P.S Some day I will ask you about nVidia DALI

Post by **Rocky** » Wed Aug 10, 2022 2:05 pm

I was trying to get fmtc working today but failed. I'll try again after Vapoursynth support.

Post by **Rocky** » Thu Aug 11, 2022 10:10 am

Please re-download to get:

* Vapoursynth support.
* 'device' parameter to select GPU device.
* Updated user manual.

Salvadore?

Post by **Rocky** » Fri Aug 12, 2022 10:29 am

Actually, I'm not going to add tetrahedral to timecube, because of all the assembler intrinsics stuff, for which I am neither qualified nor motivated for. And it gives a raison d'etre for DGCube.
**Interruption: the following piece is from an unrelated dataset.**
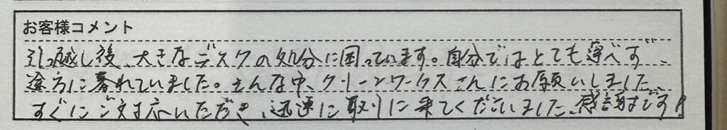 【引っ越し後大きなデスクの処分に困っています。自分ではとても運べず、途方に暮れていました。そんな中クリーンワークスさんにお願いしました。すぐにご対応いただき、迅速に取りに来てくださいました。

Guest 2 · Post by **Guest 2** » Sat Aug 13, 2022 2:40 am

Rocky wrote: ↑
Fri Aug 12, 2022 10:29 am
And it gives a raison d'etre for DGCube.

Do you think it's possible to have the necessary color space conversion ported to CUDA, to offload the cpu as much as possible?

OpenCV supports it easily and, if I am not wrong, it's written in CUDA... so...

Post by **Rocky** » Sat Aug 13, 2022 8:11 am

Guest 2 wrote: ↑
Sat Aug 13, 2022 2:40 am
Do you think it's possible to have the necessary color space conversion ported to CUDA, to offload the cpu as much as possible?

Sure. Bullwinkle already mentioned that.

Guest 2 · Post by **Guest 2** » Sat Aug 13, 2022 11:27 am

Rocky wrote: ↑
Sat Aug 13, 2022 8:11 am
Sure. Bullwinkle already mentioned that.

Post by **Rocky** » Sun Aug 14, 2022 3:30 pm

It's kicking my patootie. Maybe I should call in Britney.

Post by **Sherman** » Sun Aug 14, 2022 3:32 pm

Did you want me to try?

Post by **Rocky** » Sun Aug 14, 2022 3:33 pm

Aren't you busy with your new tube tester?